__Assignment__:
Output exactly, in the material below, the lines from the one with "Featuring 1 bedroom" through the one with "Δεκάδες νέοι και". Omit all pictures.

__Data records__:
────────────────────────────────────────
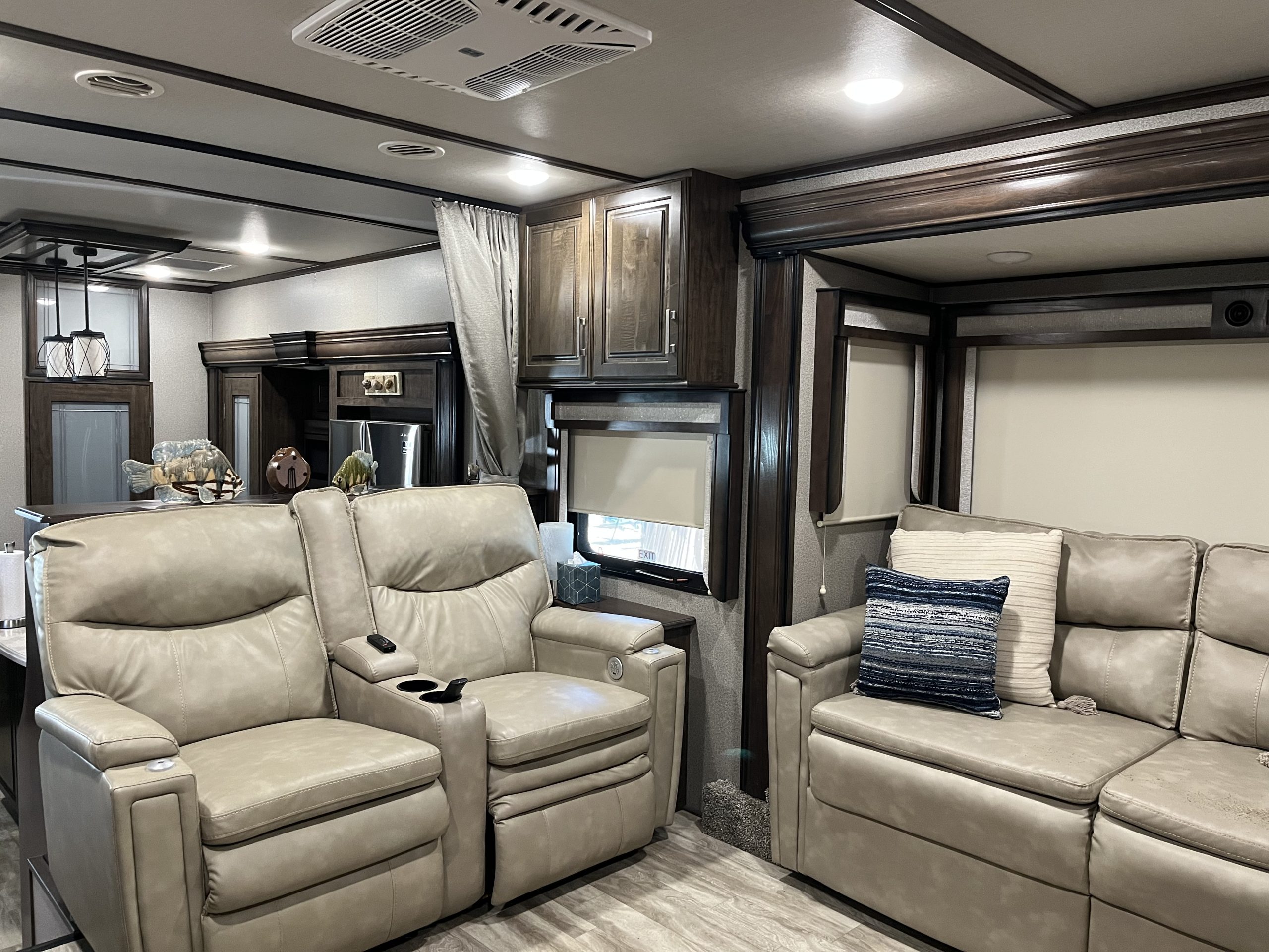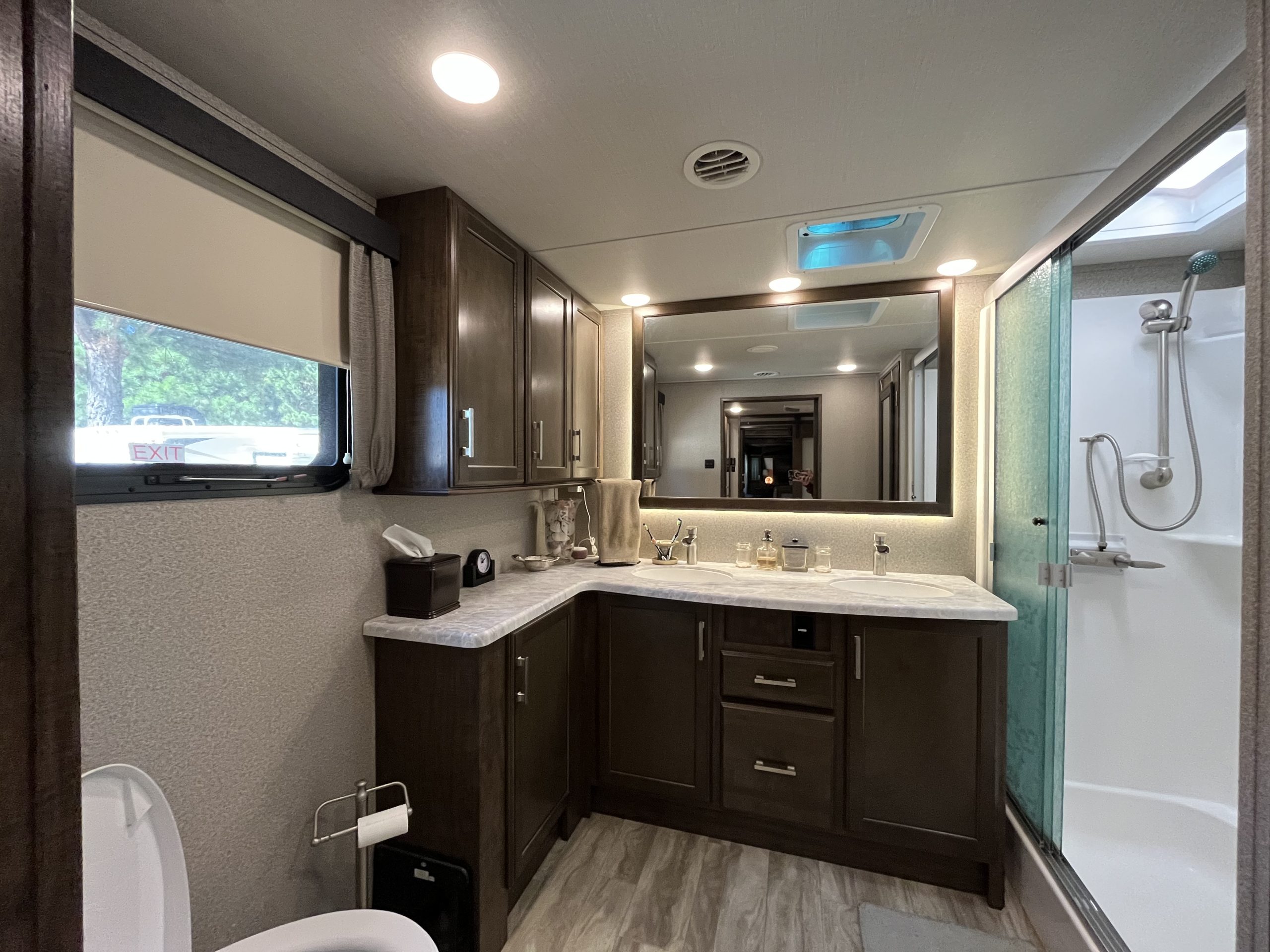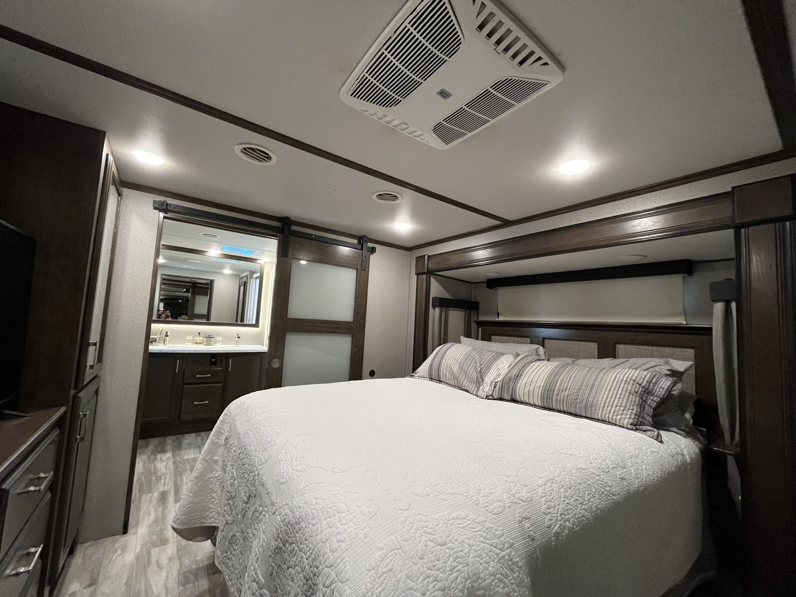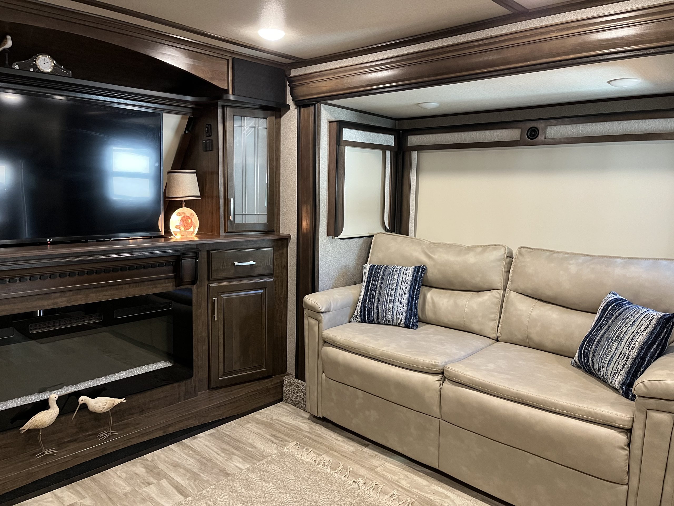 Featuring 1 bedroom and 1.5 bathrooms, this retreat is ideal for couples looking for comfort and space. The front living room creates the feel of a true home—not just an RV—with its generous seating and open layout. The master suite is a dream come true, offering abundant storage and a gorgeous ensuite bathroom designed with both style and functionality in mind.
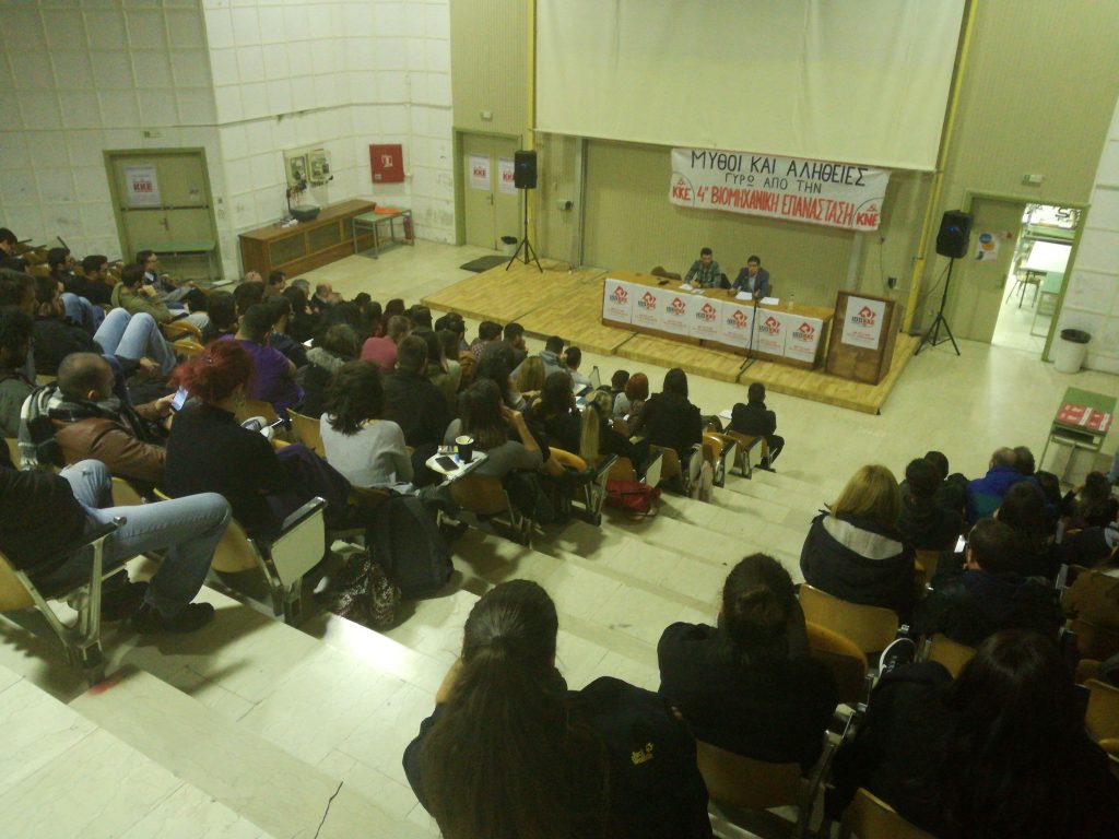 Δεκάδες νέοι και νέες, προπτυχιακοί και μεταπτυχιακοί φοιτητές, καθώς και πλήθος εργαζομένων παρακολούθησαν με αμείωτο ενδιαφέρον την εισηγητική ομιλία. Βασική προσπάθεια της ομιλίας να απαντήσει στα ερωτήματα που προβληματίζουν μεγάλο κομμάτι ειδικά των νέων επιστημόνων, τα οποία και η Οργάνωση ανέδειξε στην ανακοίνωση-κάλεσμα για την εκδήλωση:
────────────────────────────────────────
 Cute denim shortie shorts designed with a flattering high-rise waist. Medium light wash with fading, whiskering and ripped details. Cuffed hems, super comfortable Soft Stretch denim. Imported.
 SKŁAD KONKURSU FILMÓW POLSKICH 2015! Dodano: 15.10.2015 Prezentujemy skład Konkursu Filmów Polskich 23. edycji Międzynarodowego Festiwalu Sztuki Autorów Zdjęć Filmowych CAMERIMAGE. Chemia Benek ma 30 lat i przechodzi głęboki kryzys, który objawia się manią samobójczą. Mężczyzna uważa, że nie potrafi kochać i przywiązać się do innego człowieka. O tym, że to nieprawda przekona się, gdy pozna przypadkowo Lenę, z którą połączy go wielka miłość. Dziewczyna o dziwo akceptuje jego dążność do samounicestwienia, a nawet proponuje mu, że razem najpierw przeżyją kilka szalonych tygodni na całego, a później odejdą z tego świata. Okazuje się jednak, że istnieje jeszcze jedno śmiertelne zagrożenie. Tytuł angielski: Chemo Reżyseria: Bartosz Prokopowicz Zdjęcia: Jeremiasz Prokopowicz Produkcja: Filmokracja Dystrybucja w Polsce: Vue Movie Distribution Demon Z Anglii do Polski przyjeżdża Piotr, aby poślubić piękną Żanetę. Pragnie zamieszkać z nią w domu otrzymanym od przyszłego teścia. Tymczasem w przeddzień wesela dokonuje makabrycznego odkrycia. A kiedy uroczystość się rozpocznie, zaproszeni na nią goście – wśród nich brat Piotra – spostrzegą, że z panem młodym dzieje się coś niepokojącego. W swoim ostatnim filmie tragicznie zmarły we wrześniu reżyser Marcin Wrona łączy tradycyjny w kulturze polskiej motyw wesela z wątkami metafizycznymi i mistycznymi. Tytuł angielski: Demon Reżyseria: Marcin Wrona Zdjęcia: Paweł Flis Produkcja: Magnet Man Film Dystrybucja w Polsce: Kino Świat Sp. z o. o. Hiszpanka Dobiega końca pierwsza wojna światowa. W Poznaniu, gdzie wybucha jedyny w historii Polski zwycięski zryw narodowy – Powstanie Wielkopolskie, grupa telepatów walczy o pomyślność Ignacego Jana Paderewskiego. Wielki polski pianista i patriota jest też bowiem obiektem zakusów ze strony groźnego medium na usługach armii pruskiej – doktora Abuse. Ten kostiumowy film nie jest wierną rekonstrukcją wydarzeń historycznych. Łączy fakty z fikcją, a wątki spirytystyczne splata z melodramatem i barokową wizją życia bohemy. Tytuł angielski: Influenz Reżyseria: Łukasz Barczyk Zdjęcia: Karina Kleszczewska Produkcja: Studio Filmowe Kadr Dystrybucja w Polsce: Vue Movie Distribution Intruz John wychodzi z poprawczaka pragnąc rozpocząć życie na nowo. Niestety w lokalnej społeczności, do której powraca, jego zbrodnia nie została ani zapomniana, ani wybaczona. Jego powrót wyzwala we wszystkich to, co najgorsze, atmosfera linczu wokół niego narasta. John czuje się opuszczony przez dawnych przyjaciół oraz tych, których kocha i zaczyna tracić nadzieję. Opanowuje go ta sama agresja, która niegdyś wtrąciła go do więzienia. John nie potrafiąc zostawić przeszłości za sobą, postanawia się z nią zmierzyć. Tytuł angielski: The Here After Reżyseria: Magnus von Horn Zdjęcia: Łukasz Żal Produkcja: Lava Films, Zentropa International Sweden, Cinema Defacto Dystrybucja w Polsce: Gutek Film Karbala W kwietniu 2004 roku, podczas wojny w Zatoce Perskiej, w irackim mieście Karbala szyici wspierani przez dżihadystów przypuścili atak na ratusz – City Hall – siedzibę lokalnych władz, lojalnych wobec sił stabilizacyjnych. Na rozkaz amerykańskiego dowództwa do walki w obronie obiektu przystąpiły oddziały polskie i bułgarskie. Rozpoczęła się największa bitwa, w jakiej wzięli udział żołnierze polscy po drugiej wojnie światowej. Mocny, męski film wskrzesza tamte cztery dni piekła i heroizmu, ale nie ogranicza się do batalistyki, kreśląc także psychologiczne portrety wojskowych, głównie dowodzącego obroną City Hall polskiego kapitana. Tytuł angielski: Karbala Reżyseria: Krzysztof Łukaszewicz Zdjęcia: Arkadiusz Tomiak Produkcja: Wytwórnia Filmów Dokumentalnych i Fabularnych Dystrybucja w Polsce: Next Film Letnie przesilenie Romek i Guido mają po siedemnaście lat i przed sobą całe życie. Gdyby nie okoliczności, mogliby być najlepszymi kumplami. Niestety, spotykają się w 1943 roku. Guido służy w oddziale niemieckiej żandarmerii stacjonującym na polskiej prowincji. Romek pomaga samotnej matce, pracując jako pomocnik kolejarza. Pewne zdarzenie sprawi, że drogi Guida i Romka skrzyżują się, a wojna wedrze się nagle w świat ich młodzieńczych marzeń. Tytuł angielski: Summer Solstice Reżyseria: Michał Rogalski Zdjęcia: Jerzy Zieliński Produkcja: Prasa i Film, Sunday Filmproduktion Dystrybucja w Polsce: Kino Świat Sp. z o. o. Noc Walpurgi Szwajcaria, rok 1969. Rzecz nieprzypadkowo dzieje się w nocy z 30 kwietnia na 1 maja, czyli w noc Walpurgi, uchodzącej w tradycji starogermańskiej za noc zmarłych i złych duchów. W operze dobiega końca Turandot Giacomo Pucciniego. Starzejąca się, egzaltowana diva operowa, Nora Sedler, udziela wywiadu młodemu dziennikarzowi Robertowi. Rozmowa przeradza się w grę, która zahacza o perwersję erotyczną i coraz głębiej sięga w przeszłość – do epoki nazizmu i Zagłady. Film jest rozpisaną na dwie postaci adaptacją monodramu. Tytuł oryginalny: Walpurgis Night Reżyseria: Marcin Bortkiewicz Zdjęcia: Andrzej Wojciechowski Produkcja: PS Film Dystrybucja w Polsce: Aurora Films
────────────────────────────────────────
__Exercise answer__:
 Featuring 1 bedroom and 1.5 bathrooms, this retreat is ideal for couples looking for comfort and space. The front living room creates the feel of a true home—not just an RV—with its generous seating and open layout. The master suite is a dream come true, offering abundant storage and a gorgeous ensuite bathroom designed with both style and functionality in mind.
 Δεκάδες νέοι και νέες, προπτυχιακοί και μεταπτυχιακοί φοιτητές, καθώς και πλήθος εργαζομένων παρακολούθησαν με αμείωτο ενδιαφέρον την εισηγητική ομιλία. Βασική προσπάθεια της ομιλίας να απαντήσει στα ερωτήματα που προβληματίζουν μεγάλο κομμάτι ειδικά των νέων επιστημόνων, τα οποία και η Οργάνωση ανέδειξε στην ανακοίνωση-κάλεσμα για την εκδήλωση:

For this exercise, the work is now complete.